Install in the normal way:

$ pip install nominally

Working on a project within a virtual environment is highly recommended:

$ python3 -m venv .venv
$ source ./.venv/bin/activate
(.venv) $ pip install nominally
Collecting nominally
  Downloading [...]/nominally-1.0.3-py3-none-any.whl
Collecting unidecode>=1.0 (from nominally)
  Downloading [...]/Unidecode-1.1.1-py2.py3-none-any.whl
Installing collected packages: unidecode, nominally
Successfully installed nominally-1.0.3 unidecode-1.1.1

Nominally requires Python 3.6 or higher and has one external dependency (unidecode).

parse_name() function

The nominally.api.parse_name() function returns the five core fields:

>>> from pprint import pprint
>>> import nominally
>>> parsed = nominally.parse_name('Samuel "Young Sam" Vimes II')
>>> pprint(parsed)
{'first': 'samuel',
 'last': 'vimes',
 'middle': '',
 'nickname': 'young sam',
 'suffix': 'ii',
 'title': ''}

Name() class

Additional features are exposed via the nominally.parser.Name class:

>>> from pprint import pprint
>>> from nominally import Name
>>> n = Name('Delphine Angua von Uberwald')
>>> pprint(n.report())
{'cleaned': {'delphine angua von uberwald'},
 'first': 'delphine',
 'last': 'von uberwald',
 'list': ['', 'delphine', 'angua', 'von uberwald', '', ''],
 'middle': 'angua',
 'nickname': '',
 'parsed': 'von uberwald, delphine angua',
 'raw': 'Delphine Angua von Uberwald',
 'suffix': '',
 'title': ''}
>>> n.raw
'Delphine Angua von Uberwald'
>>> n.cleaned
{'delphine angua von uberwald'}
>>> n.first
'delphine'
>>> n['first']
'delphine'
>>> n.get('first')
'delphine'
>>> pprint(dict(n))
{'first': 'delphine',
 'last': 'von uberwald',
 'middle': 'angua',
 'nickname': '',
 'suffix': '',
 'title': ''}

From the Console

For convenience, single names can be run at the command line.

$ nominally "St John Nobbs, Cecil (Nobby) Wormsborough"
       raw: St John Nobbs, Cecil (Nobby) Wormsborough
   cleaned: {'st john nobbs, cecil wormsborough', 'nobby'}
    parsed: st john nobbs, cecil (nobby) wormsborough
      list: ['', 'cecil', 'wormsborough', 'st john nobbs', '', 'nobby']
     title: 
     first: cecil
    middle: wormsborough
      last: st john nobbs
    suffix: 
  nickname: nobby

Extended Examples

See https://github.com/vaneseltine/nominally-examples/ for detailed examples of nominally usage.

FAQ

Input format

Nominally does one thing: take a name and parse it.

The name must be received as a Unicode string. If you are working with bytes as input, you will first need to decode them.
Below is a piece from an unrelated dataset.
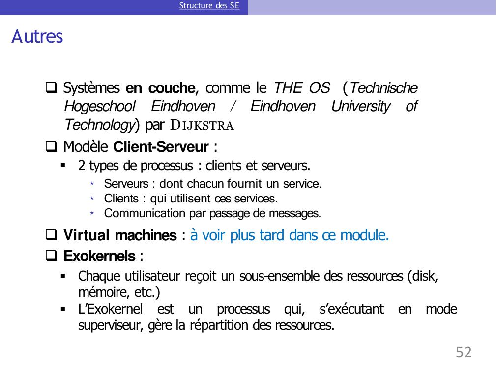 Page 52 : Structure des SEAutresSystèmes en couche, comme le THE OSTechnischeHogeschoolEindhoven/EindhovenUniversityofTechnology par DIJKSTRAModèle Client-Serveur :2 types de processus : clients et serveurs.Serveurs : dont chacun fournit un service.Clients : qui utilisent ces services.Communication par passage de messages.Virtual machines : à voir plus tard dans ce module.Exokernels :Chaque utilisateur reçoit un sous-ensemble des ressources disk,mémoire, etc.L’Exokernelestunprocessusqui,s’exécutantenmodesuperviseur, gère la répartition des ressources.52

For assistance in working with Unicode strings, see:

Nominally takes input one name at a time. For ideas about how to use Nominally on a larger scale, to work with entire lists, DataFrames, files, or databases, see https://github.com/vaneseltine/nominally-examples/.

Name cleaning

Nominally does not create or tag canonical names.

Strings are aggressively cleaned.

For specifics, see nominally.parser.Name.clean()

Name ordering

We only handle Western name order. No effort is made to disentangle or rearrange names based on their origins.

We do not preserve suffix or title ordering. Treat these as sets.

Titles and suffixes

We handle few suffixes:
  • PhD

  • MD

  • Sr

  • Junior, Jr, II, 2nd, III, 3rd, IV, 4th

We handle very few titles:
  • Dr.

  • Mr.

  • Mrs.

  • Ms.

These are treated as unordered sets.

Library

The Name class creates immutable instances.

See Also

More great Python packages in the record linkage community include:

Reference

Herein find documentation for the gory details of nominally.

API

nominally.api.parse_name(s: str) → Dict[str, Any][source]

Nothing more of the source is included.